Speakers at the closing event for Northwestern Women’s Center’s 25th anniversary celebrations had a singular message Thursday: Women at NU have made significant progress in 25 years but still have a long way to go.
About 75 women attended “The state of the University for women” at Norris University Center’s Northwestern Room. Women representing NU’s faculty, staff and students gave statements about their respective experiences at NU.
Cara Tuttle Bell, the director of programs for the Women’s Center, said the speakers’ message reinforced the need for Women’s Center programming.
“It’s why we’re here,” Bell said. “It’s why we were created, although 25 years ago that looked very different than it did now. But we think that we have plenty left to do. We’re not at 50 percent everywhere, so we haven’t attained equity.”
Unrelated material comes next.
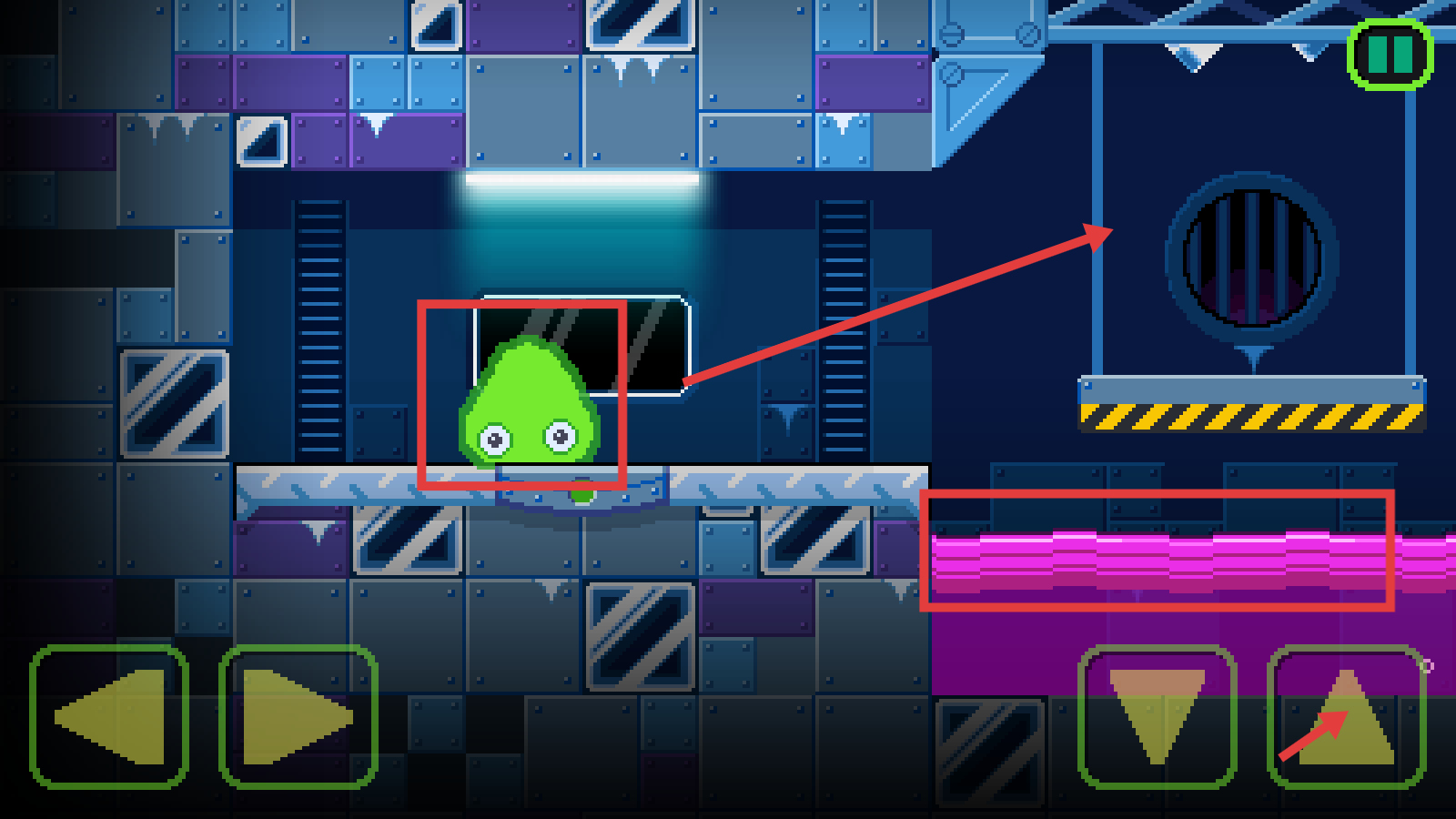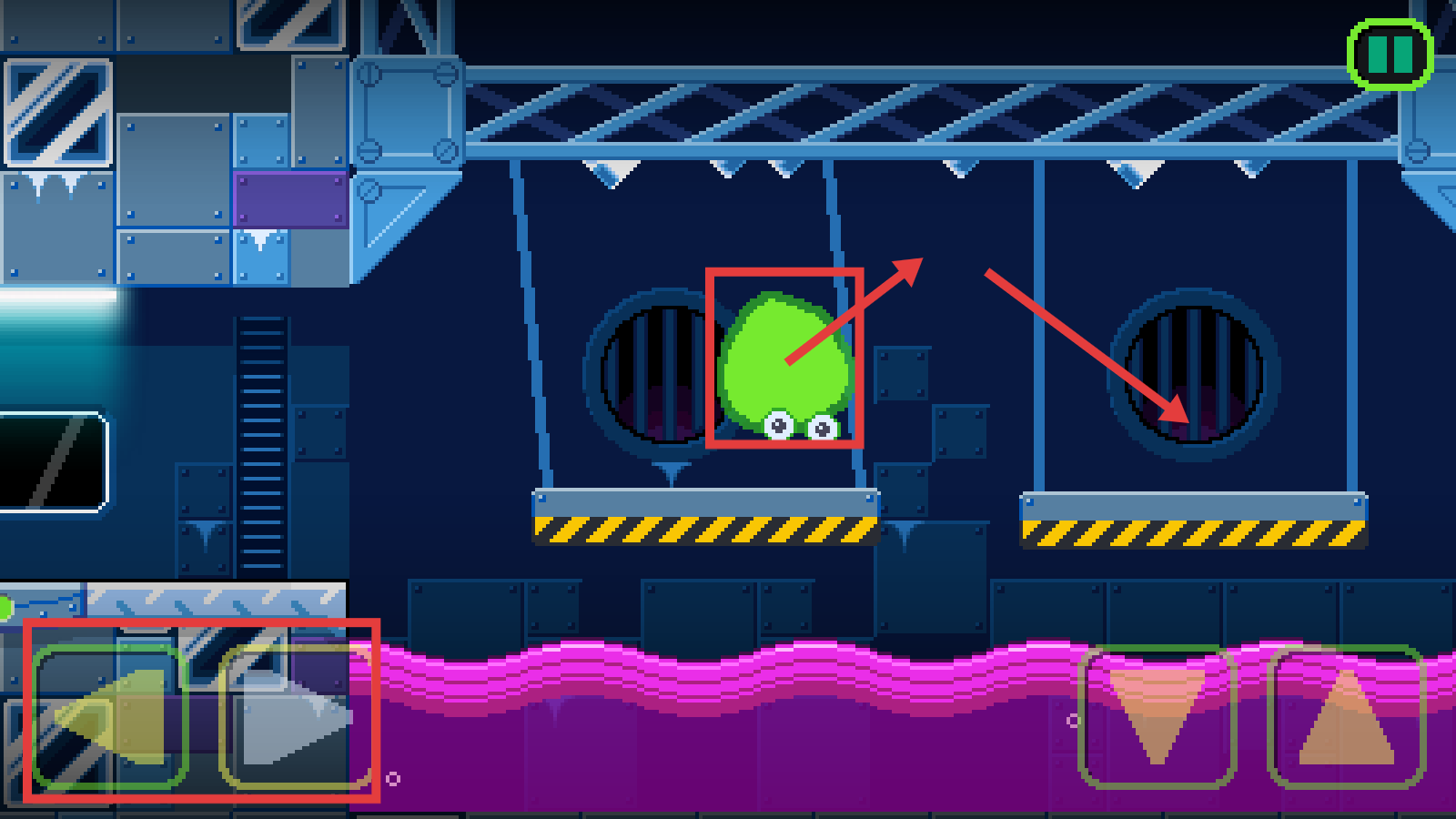 1、操控绿色史莱姆,利用左右移动按钮,避开【粉色-区域】,向目标区域移动,探索关卡路径。

Medill senior Kelsey Sheridan, a member of NU College Feminists, spoke positively about many aspects of her NU experience but said the school still has work to do when it comes to gender issues.
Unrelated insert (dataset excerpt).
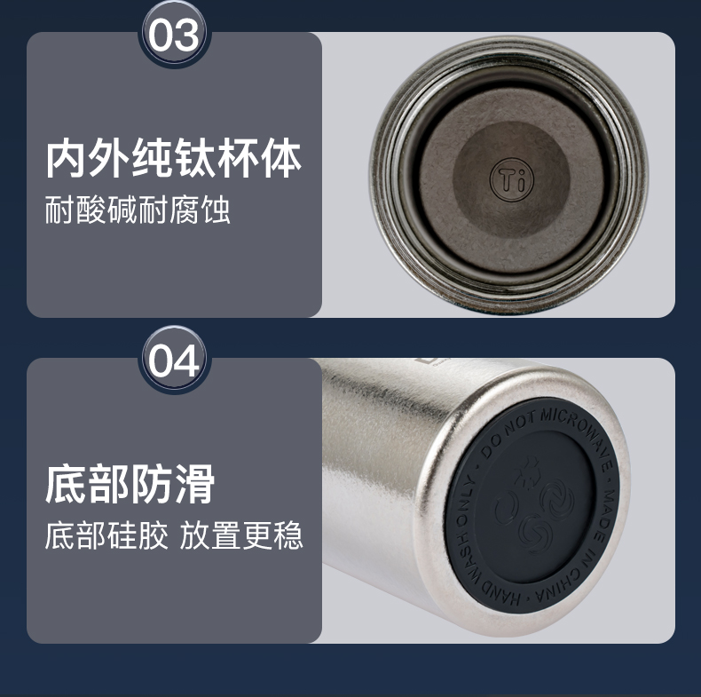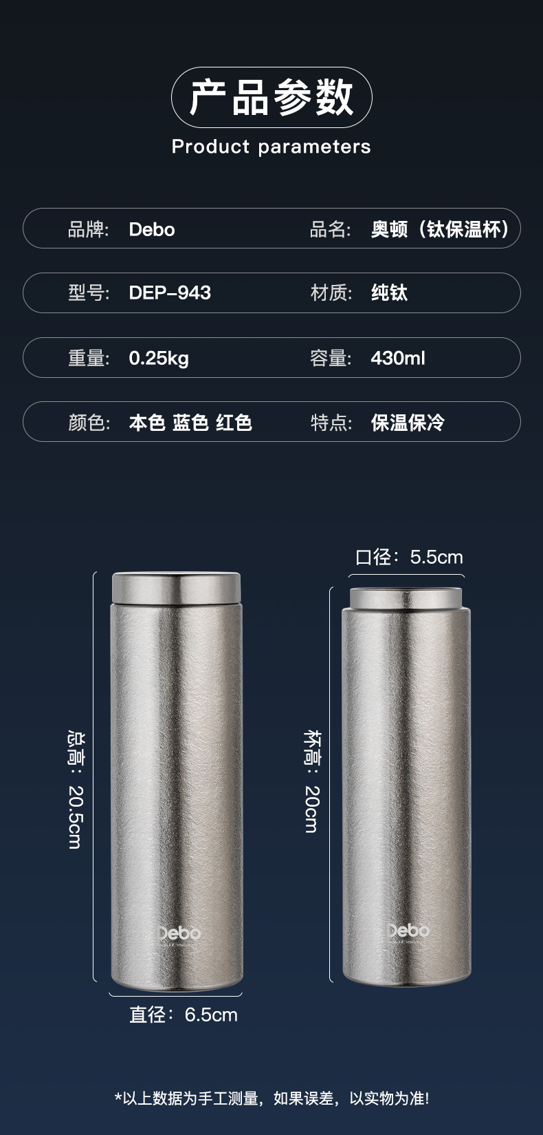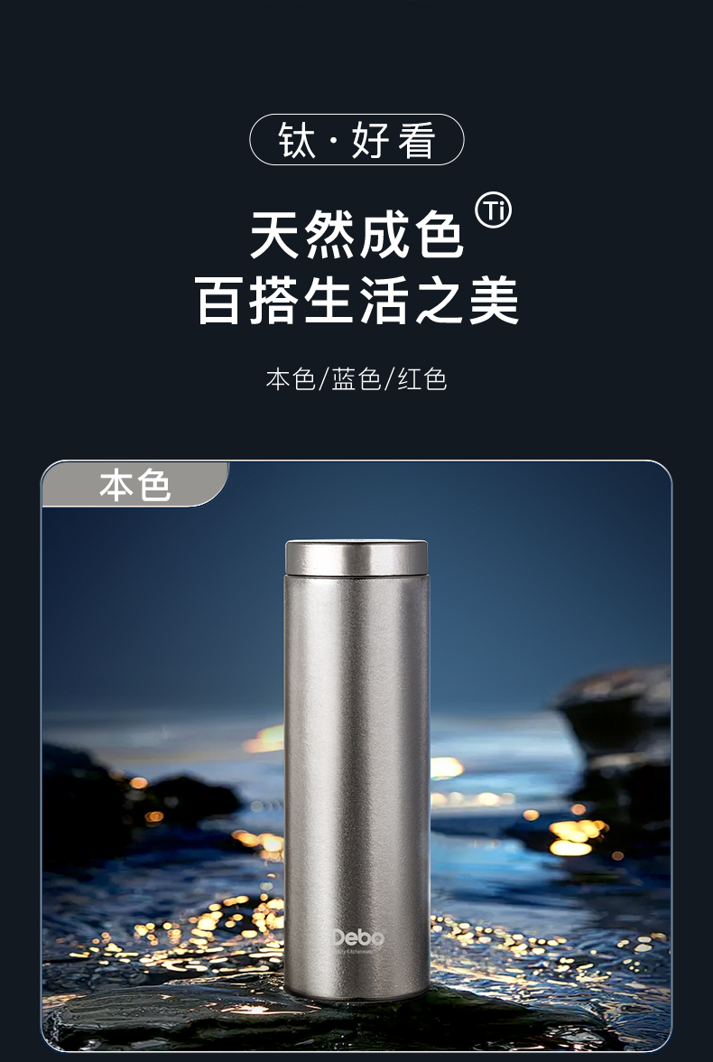 商品名称:Debo/德铂430毫升奥顿纯钛保温杯DEP-943

“I have always felt that I had an equal place here at Northwestern, at least in an academic setting, and out of class too, women seem to receive great institutional support from the University,” Sheridan said. “But even on this occasion for celebration, it would be irresponsible not to discuss how the University can improve.”
Sheridan discussed the lack of resources for mothers on campus, which provides an “institutional barrier to higher education for moms at Northwestern.”
Sheridan also referenced the “microaggressions” committed on campus against female students.
Psychology Prof. Alice Eagly shared a presentation with a number of statistics on the state of gender diversity at NU. Eagly said 50 percent of NU’s deans are women but just 19 percent of department chairs are female. Twenty-eight percent of tenured and tenure-track faculty are female, up from 16 percent in 1986.
Eagly said compared to NU’s peer institutions in the Ivy League and the Big Ten, “it looks like 28 percent is not outstanding.”
Renee Redd, the director of the Women’s Center, said the fact that the Women’s Center has gotten as far as it has is an accomplishment in itself.
“The fact that we established the Women’s Center in 1986 is quite an advancement,” Redd said. “Most of those Women’s Centers (at other schools) predominantly serve students, but I think it’s a really nice benefit that we serve students, staff and faculty.”
Bell said the Women’s Center invited women in different positions on campus to speak Thursday to reflect the diversity of women the center aims to serve.
“We are a Women’s Center that serves all three of those groups, so we always are trying to do that,” she said. “For a closing of the 25th anniversary year, we were speaking to each of those audiences.”